Bir girişimci olarak trüf mantarı yetiştiriciliği ile ilgileniyorsanız, aklınıza takılabilecek her noktada sizlere ayrıntılı bilgiler sağlayacağız.
İÇİNDEKİLER
Trüf mantarları Ascomycetes sınıfı, Tuberales ordosu ve Tuber cinsine ait yeraltında yetişen meyvelerdir. Tuberales ordosu yaklaşık 100 türe sahiptir. Tuber mantarı Fransa’da Truffe, İtalya’da Tartufi, İspanya’da Trufa, İngiltere’de Truffle olarak isimlendirilirler. Türkiye’de toprak altından çıkarılan mantarların tamamı farklı bölgelerde farklı isimlerle adlandırılsa da genel olarak dolaman veya domalan mantarı olarak bilinmektedir. Trüf mantarları meşe, fındık, çam, ıhlamur gibi ağaçların kökleri ile ektomikorizal ortaklık oluştururlar.
Trüf mantarları bitkilerle ektomikorizal ilişki sayesinde toprağın 5-20 cm. derinliğinde hem kendi hayat döngülerini tamamlar hem de insanlığa dünyaca ünlü, çok değerli, kendine özgü aromaya ve tada sahip bir trüfü oluştururlar.
Trüf mantarı olgunlaştığı zaman toprağın derinliğinden yukarıya doğru baskı yaparak toprağın çatlamasını sağlar. Bu izler takip edilerek üst toprak alınırsa altta trüf mantarı ile karşılaşılır.
M.Ö. 1600’lü yıllarda anonim bir tanımlama olarak “dünyanın gizemli ürünleri” olarak adlandırılan trüf mantarları, her dönemde insanların ilgi odağı olmuştur. 19. yy. tarihte hiç olmadığı kadar besin olarak tüketilen trüf için, özellikle Fransa’da altın çağ olarak nitelendirilebilir.
Fransa’da soyluların arasında trüfün popülerliği arttıkça bu İtalya’ya da yayıldı ve soylular tarafından sofralarda aranan bir gıda haline geldi.
Trüf mantarları içerdikleri protein, mineral madde miktarı bakımından diğer mantarlara göre
daha zengindir.
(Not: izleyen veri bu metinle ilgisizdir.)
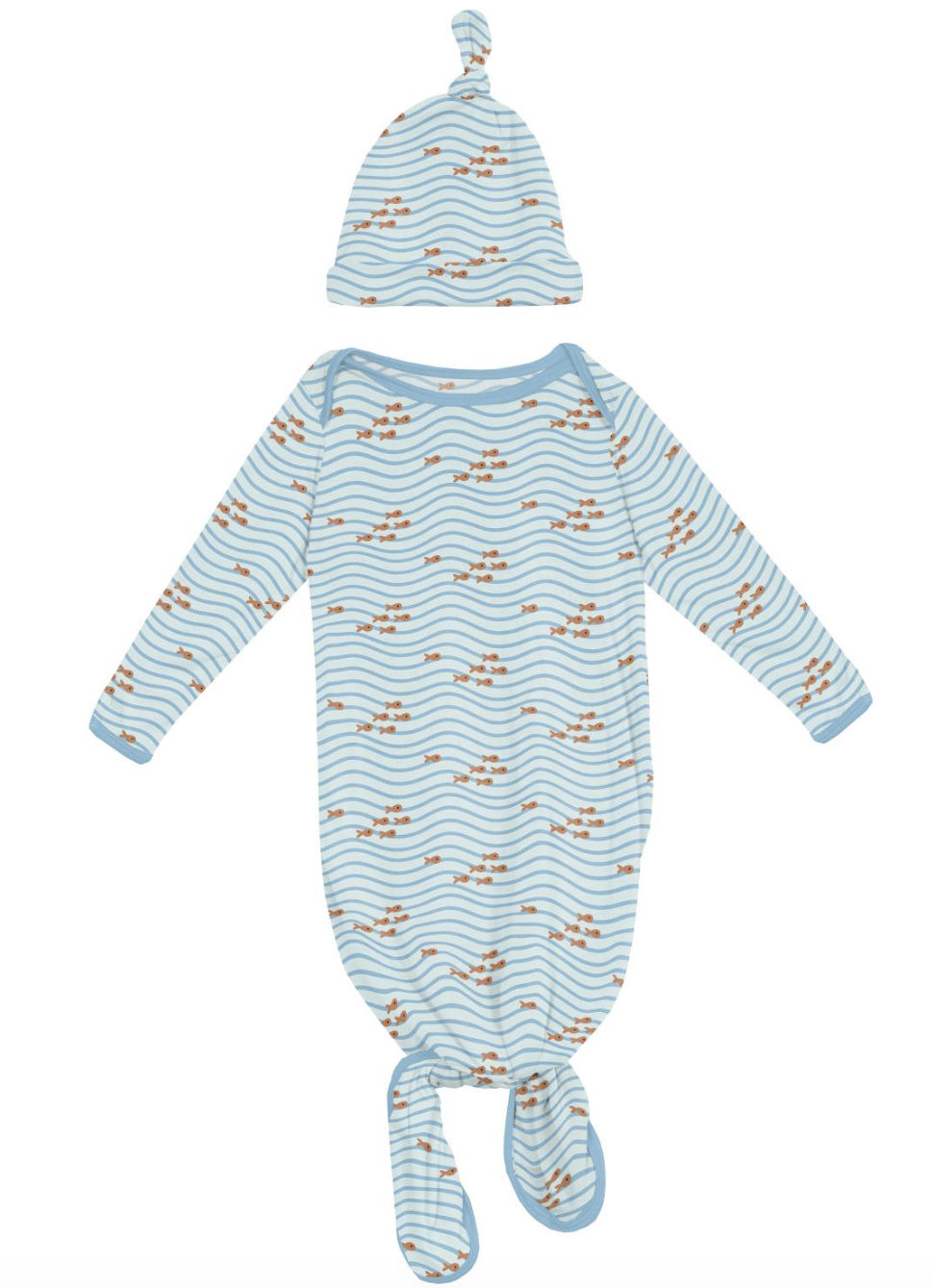 Fresh Air Little Fishy Knotted Layette Gown & Hat Set One Size

Besin değeri olarak % 53-76 su, % 9 protein, % 7 karbonhidrat ve % 8 mineral
içermektedir. Yüksek besin değerine sahip olmakla birlikte trüf türleri diğer mantarlardan üstün kılan şüphesiz sahip oldukları “dimetilsülfit” kaynaklı çok özel aromatik bileşiklerdir. Sahip oldukları bu eşsiz aromatik özellikten dolayı birçok gurmenin ilgisini çekmekte ve mutfaklarda müstesna bir yer edinmektedirler.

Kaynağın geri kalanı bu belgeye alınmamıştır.